La dépendance envers les fonds publics de la filière du gaz naturel liquéfié est pourtant avérée. Pour voir le jour, ces projets requièrent des fonds publics sous forme de congés fiscaux ou de subventions. GNL Québec le sait très bien, c’est d’ailleurs pourquoi le mandat de ses lobbyistes inscrits au registre des lobbyistes du Québec comprend la tâche d’obtenir un soutien par l’intermédiaire de  fonds publics. Malgré cette évidence, GNL Québec persiste à prétendre publiquement que son projet est viable sans fonds publics.

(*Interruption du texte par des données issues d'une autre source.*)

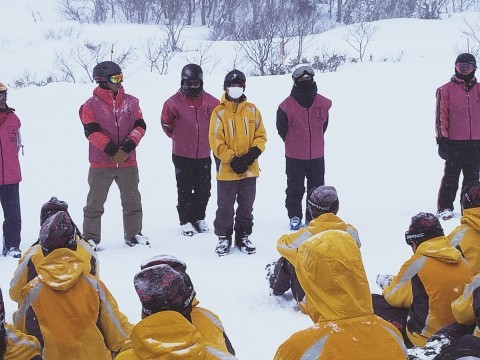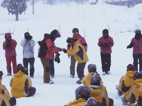 2日間のスキー講習を終えて、閉講式の様子です。インストラクターさんに2日間の感謝を述べ、修了証をいただきました。
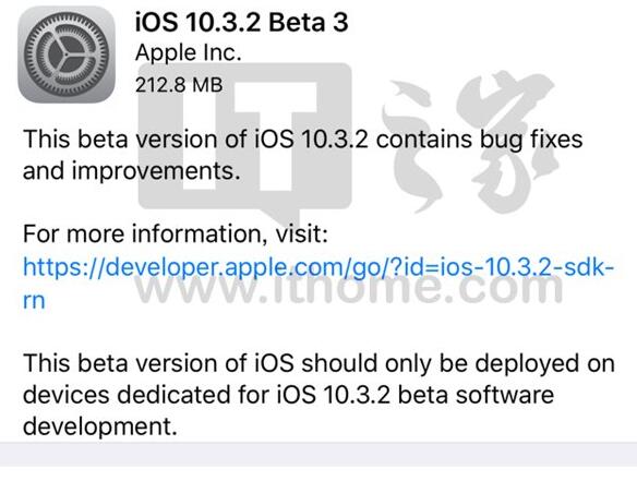 4月18日消息 苹果在今天凌晨再次为开发者预览版固件用户更新了最新的iOS10.3.2 Beta3开发者预览版固件更新升级,已安装相应描述文件的iPhone、iPad、iPod touch用户,可直接在设置中检查获取此次OTA更新。

UN MODÈLE D’AFFAIRES CHANCELANT

Tout comme le projet GNL Québec, le projet Goldboro aurait à composer avec des coûts de production les plus élevés en Amérique du Nord. Deux facteurs jouent contre les projets situés sur la côte nord-est américaine. Tout d’abord, un coûteux transport du gaz naturel par gazoduc sur plus de 4000 kilomètres leur est nécessaire, contrairement à leurs compétiteurs directs situés dans le golfe du Mexique qui exportent du gaz naturel extrait de puits à proximité. Ce coût de transport additionnel représente 30 à 40% des coûts de production totaux. Le deuxième facteur défavorable est celui du coût des infrastructures : cinq des six terminaux d’exportation opérationnels aux États-Unis sont le fruit d’une conversion de terminaux d’importation de GNL en des terminaux d’exportation, ce qui a pour effet d’abaisser d’environ 40% les investissements en infrastructure requis, selon les calculs de chercheur·e·s de l’Université de Calgary.

Dans un contexte d’incertitude quant à la demande mondiale de gaz naturel liquéfié, ces coûts de production élevés en font des projets risqués et contribuent à expliquer pourquoi tant le projet Goldboro que celui de GNL Québec peinent à boucler leur financement privé.

LA RHÉTORIQUE DE LA TRANSITION ÉNERGÉTIQUE

Afin de convaincre la société civile que la construction d’infrastructures de gaz naturel liquéfié est dans l’intérêt général, cette industrie ne ménage pas les mensonges quant aux prétendues vertus de ce gaz naturel. Tant GNL Québec que Pieridae affirment que leur gaz naturel liquéfié contribuerait à substituer avantageusement des hydrocarbures plus émetteurs de GES. Or, non seulement le gaz naturel issu du procédé de fracturation n’est-il pas moins polluant que le charbon, mais l’exportation de gaz naturel liquéfié en Europe y ralentirait le développement de la filière des énergies renouvelables.

EN FINIR AVEC CETTE INDUSTRIE

La construction de terminaux d’exportation de gaz naturel liquéfié est vitale pour l’industrie gazière canadienne. Sans ces terminaux, la production annuelle canadienne de gaz naturel stagnera, tandis que l’existence d’une capacité nationale de liquéfaction permettra à cette industrie d’augmenter sa production de 50% d’ici 2040, selon une projection de la Régie de l’énergie du Canada.

Pendant que l’horloge climatique tourne, nos sociétés sont aux prises avec le fardeau de résister aux assauts d’une industrie désireuse de construire de nouvelles infrastructures fossiles nous enfermant dans ce combustible pour encore plusieurs décennies. Si cette industrie défend bec et ongle son intérêt privé mortifère, les gouvernements Trudeau et Legault, censés représenter l’intérêt général, se font pour leur part complices de ces projets climaticides.